TASK INSTRUCTIONS: Every line from the one with "Echamos las patatas" to the final line of the listing below should be repeated exactly, and only those.
*** Begin section ***
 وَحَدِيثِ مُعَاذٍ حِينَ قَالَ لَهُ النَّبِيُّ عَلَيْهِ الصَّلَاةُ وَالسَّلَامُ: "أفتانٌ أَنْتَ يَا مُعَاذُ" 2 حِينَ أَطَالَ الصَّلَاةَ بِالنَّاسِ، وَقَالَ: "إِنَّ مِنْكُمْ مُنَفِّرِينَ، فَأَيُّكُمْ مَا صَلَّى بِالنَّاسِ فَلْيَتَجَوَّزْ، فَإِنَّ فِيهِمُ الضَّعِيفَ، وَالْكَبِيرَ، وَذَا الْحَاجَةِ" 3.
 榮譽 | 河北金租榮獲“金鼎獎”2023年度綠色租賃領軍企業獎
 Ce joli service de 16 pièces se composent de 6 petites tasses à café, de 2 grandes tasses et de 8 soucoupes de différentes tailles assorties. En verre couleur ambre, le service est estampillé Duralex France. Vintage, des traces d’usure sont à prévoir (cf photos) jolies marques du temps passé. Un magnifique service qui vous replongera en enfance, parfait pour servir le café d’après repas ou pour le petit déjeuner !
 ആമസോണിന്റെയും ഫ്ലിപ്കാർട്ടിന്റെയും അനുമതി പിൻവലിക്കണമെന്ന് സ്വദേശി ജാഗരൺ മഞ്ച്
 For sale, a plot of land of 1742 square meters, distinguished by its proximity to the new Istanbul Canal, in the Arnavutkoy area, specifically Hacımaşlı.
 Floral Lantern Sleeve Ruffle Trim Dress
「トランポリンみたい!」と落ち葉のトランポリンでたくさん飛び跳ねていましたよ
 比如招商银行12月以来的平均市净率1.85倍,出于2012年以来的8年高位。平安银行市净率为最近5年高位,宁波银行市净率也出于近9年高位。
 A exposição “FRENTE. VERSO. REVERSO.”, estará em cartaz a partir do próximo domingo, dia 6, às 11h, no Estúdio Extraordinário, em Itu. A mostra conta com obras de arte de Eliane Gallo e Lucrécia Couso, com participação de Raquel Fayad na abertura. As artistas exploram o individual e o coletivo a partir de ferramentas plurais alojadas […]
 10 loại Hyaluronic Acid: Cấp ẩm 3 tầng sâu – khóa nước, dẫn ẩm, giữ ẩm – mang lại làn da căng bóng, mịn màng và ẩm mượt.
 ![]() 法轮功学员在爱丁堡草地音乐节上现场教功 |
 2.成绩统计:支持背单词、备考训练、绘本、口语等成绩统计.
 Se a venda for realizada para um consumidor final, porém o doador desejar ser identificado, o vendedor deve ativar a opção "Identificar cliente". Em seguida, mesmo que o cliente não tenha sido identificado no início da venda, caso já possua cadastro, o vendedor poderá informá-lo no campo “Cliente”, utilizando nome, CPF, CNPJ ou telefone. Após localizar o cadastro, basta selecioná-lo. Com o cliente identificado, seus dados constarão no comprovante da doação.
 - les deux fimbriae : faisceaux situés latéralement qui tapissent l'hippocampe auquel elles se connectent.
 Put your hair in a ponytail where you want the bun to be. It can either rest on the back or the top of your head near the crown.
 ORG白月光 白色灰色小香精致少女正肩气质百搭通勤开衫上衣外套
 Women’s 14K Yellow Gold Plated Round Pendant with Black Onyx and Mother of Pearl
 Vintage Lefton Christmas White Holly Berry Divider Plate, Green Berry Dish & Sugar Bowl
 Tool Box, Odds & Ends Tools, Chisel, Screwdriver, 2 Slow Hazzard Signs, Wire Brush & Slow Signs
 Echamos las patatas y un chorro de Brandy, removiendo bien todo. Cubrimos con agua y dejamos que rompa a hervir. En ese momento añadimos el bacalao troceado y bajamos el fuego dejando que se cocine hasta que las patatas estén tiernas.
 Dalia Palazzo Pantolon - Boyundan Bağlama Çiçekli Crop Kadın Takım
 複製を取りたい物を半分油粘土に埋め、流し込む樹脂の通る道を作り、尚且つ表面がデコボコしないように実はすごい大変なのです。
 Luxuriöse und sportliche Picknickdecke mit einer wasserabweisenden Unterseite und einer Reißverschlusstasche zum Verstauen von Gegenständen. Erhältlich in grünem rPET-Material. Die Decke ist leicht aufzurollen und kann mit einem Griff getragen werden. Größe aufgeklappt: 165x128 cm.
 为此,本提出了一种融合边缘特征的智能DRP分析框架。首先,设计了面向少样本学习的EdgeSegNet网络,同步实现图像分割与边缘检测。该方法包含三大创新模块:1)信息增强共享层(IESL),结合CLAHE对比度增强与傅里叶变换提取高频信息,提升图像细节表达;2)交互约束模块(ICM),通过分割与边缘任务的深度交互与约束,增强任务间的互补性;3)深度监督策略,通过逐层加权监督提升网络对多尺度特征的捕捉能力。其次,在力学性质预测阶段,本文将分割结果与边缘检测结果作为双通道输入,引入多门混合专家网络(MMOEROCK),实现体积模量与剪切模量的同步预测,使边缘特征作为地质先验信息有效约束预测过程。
*** End section ***
REPLY:
 Echamos las patatas y un chorro de Brandy, removiendo bien todo. Cubrimos con agua y dejamos que rompa a hervir. En ese momento añadimos el bacalao troceado y bajamos el fuego dejando que se cocine hasta que las patatas estén tiernas.
 Dalia Palazzo Pantolon - Boyundan Bağlama Çiçekli Crop Kadın Takım
 複製を取りたい物を半分油粘土に埋め、流し込む樹脂の通る道を作り、尚且つ表面がデコボコしないように実はすごい大変なのです。
 Luxuriöse und sportliche Picknickdecke mit einer wasserabweisenden Unterseite und einer Reißverschlusstasche zum Verstauen von Gegenständen. Erhältlich in grünem rPET-Material. Die Decke ist leicht aufzurollen und kann mit einem Griff getragen werden. Größe aufgeklappt: 165x128 cm.
 为此,本提出了一种融合边缘特征的智能DRP分析框架。首先,设计了面向少样本学习的EdgeSegNet网络,同步实现图像分割与边缘检测。该方法包含三大创新模块:1)信息增强共享层(IESL),结合CLAHE对比度增强与傅里叶变换提取高频信息,提升图像细节表达;2)交互约束模块(ICM),通过分割与边缘任务的深度交互与约束,增强任务间的互补性;3)深度监督策略,通过逐层加权监督提升网络对多尺度特征的捕捉能力。其次,在力学性质预测阶段,本文将分割结果与边缘检测结果作为双通道输入,引入多门混合专家网络(MMOEROCK),实现体积模量与剪切模量的同步预测,使边缘特征作为地质先验信息有效约束预测过程。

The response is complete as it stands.